The job is to output exactly the lines that run from the start of the entries through the line containing "振 幅: | 2.82% |", pictures omitted.

Provided entries Block Start

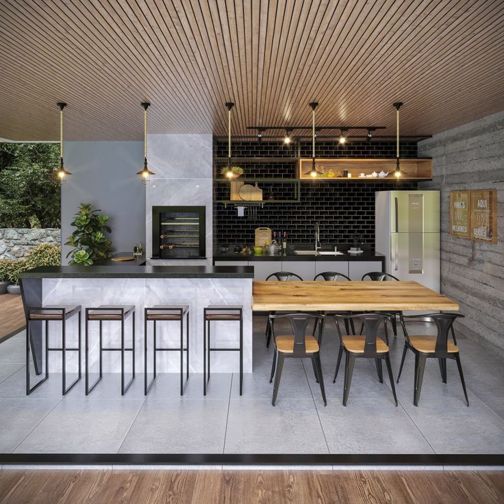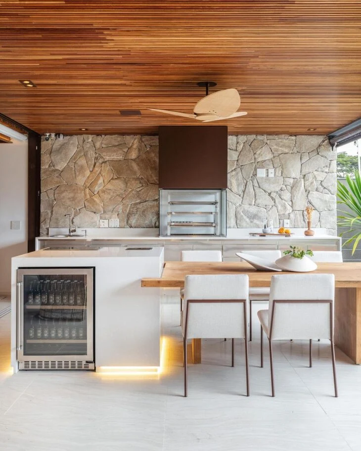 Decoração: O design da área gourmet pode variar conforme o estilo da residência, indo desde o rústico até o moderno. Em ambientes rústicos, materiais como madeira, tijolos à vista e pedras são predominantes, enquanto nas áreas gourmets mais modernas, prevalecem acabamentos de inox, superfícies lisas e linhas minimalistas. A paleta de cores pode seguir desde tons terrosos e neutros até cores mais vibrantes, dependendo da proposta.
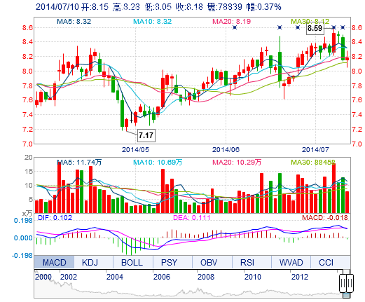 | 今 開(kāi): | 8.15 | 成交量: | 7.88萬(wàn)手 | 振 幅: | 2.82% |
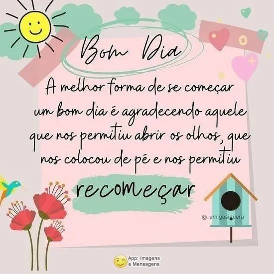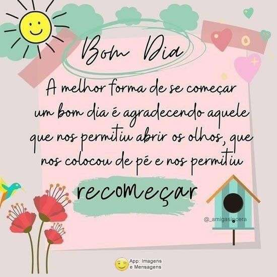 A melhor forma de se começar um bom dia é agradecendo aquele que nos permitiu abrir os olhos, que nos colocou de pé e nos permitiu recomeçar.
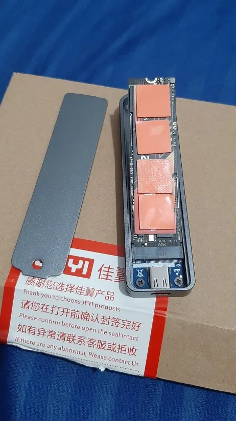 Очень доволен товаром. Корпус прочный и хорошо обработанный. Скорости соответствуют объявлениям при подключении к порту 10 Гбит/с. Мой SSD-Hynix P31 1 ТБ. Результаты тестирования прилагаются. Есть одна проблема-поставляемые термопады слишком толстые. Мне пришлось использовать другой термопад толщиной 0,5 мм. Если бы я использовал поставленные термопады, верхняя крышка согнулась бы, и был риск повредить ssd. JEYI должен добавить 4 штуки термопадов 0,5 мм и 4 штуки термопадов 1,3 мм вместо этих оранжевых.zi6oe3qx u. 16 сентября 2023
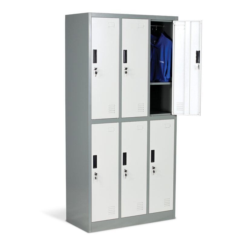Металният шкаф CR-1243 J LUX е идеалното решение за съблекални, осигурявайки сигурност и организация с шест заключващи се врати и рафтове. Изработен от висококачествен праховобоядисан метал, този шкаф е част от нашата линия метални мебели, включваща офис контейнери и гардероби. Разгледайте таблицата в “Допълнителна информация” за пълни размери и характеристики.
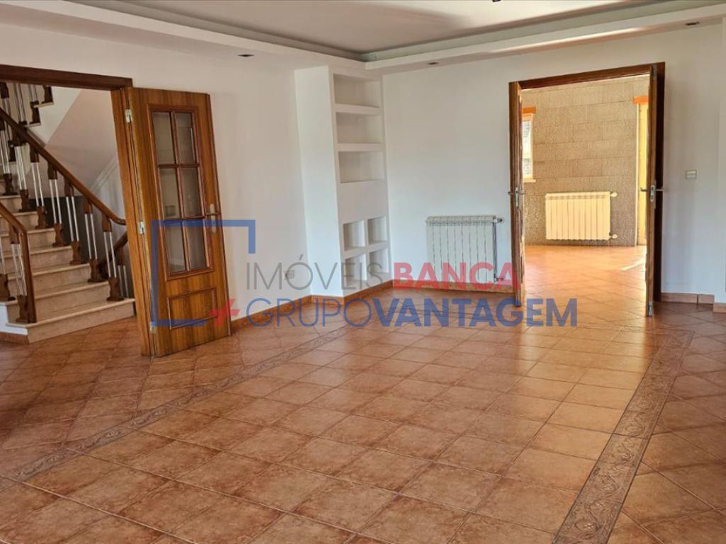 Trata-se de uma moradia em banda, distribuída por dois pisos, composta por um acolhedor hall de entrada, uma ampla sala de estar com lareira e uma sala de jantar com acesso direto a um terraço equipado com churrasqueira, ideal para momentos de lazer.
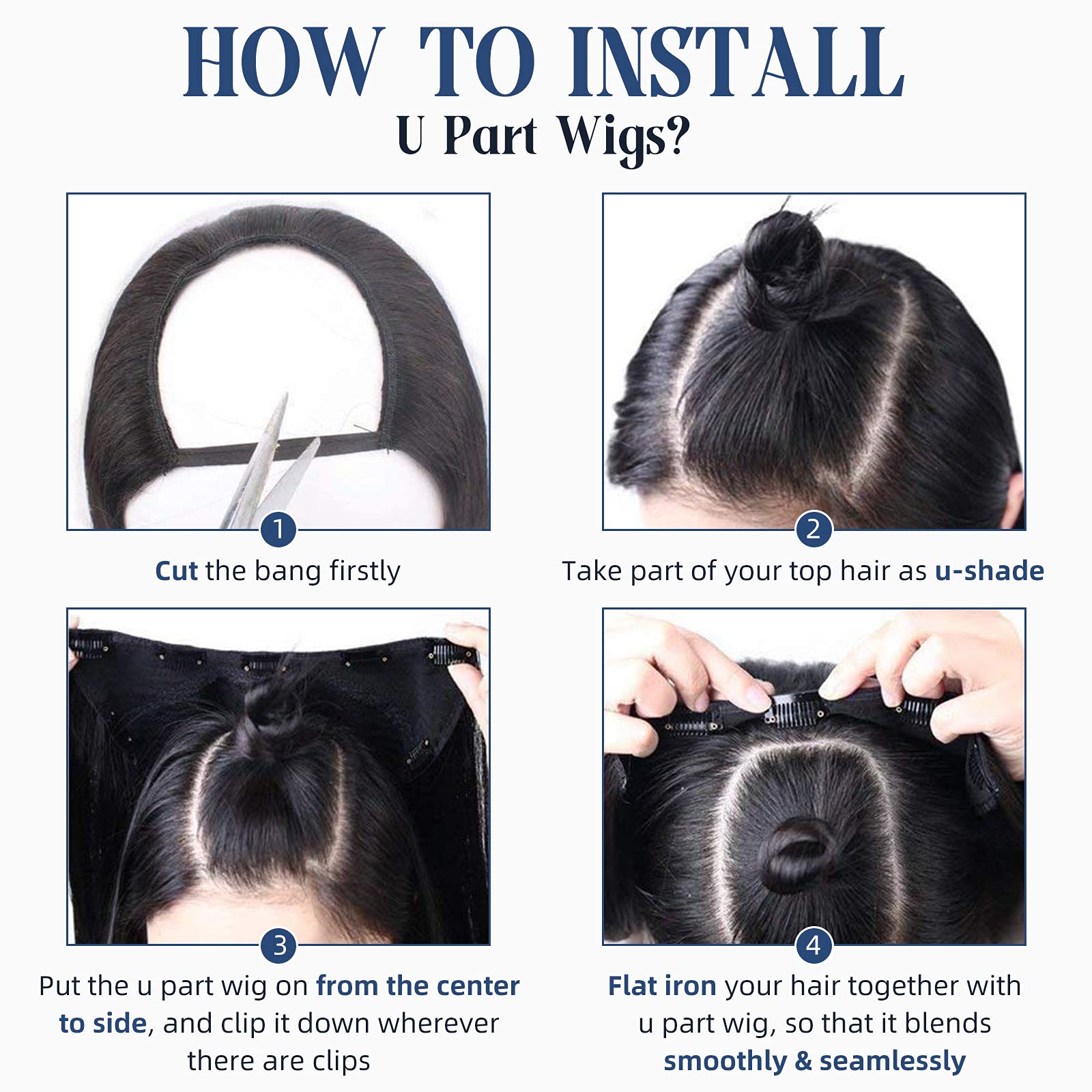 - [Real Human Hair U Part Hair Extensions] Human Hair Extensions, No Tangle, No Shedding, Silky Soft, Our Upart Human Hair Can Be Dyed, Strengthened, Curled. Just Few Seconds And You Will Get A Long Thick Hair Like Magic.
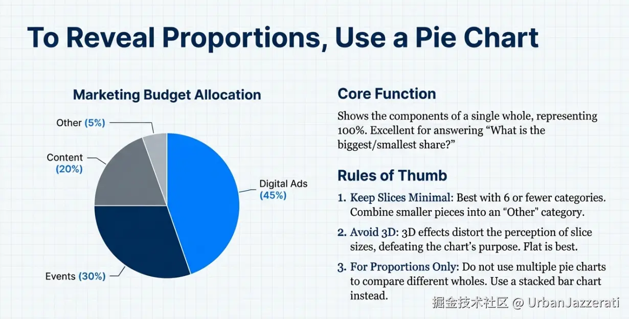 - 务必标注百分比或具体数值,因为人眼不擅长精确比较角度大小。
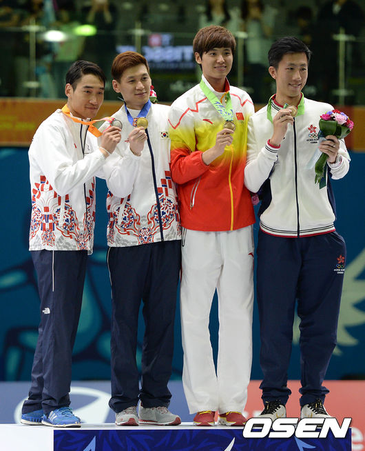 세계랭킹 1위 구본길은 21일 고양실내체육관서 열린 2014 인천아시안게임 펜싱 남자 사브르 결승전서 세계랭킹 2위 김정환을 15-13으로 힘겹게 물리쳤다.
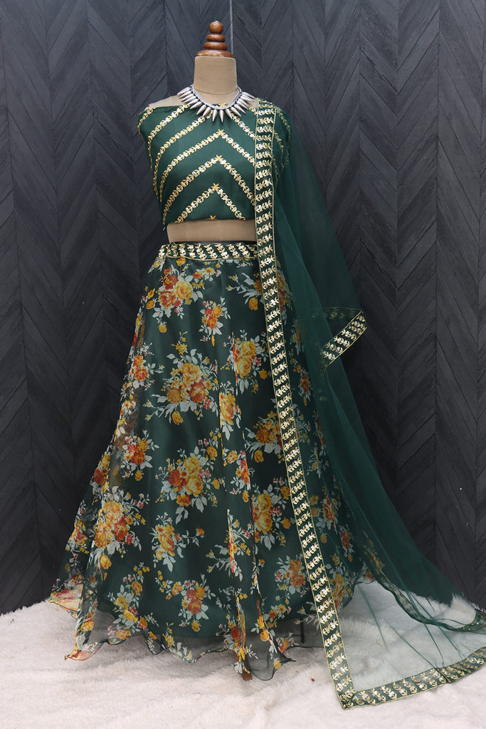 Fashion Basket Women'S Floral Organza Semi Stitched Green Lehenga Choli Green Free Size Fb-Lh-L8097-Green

Provided entries Block End

• _Output below_
 Decoração: O design da área gourmet pode variar conforme o estilo da residência, indo desde o rústico até o moderno. Em ambientes rústicos, materiais como madeira, tijolos à vista e pedras são predominantes, enquanto nas áreas gourmets mais modernas, prevalecem acabamentos de inox, superfícies lisas e linhas minimalistas. A paleta de cores pode seguir desde tons terrosos e neutros até cores mais vibrantes, dependendo da proposta.
 | 今 開(kāi): | 8.15 | 成交量: | 7.88萬(wàn)手 | 振 幅: | 2.82% |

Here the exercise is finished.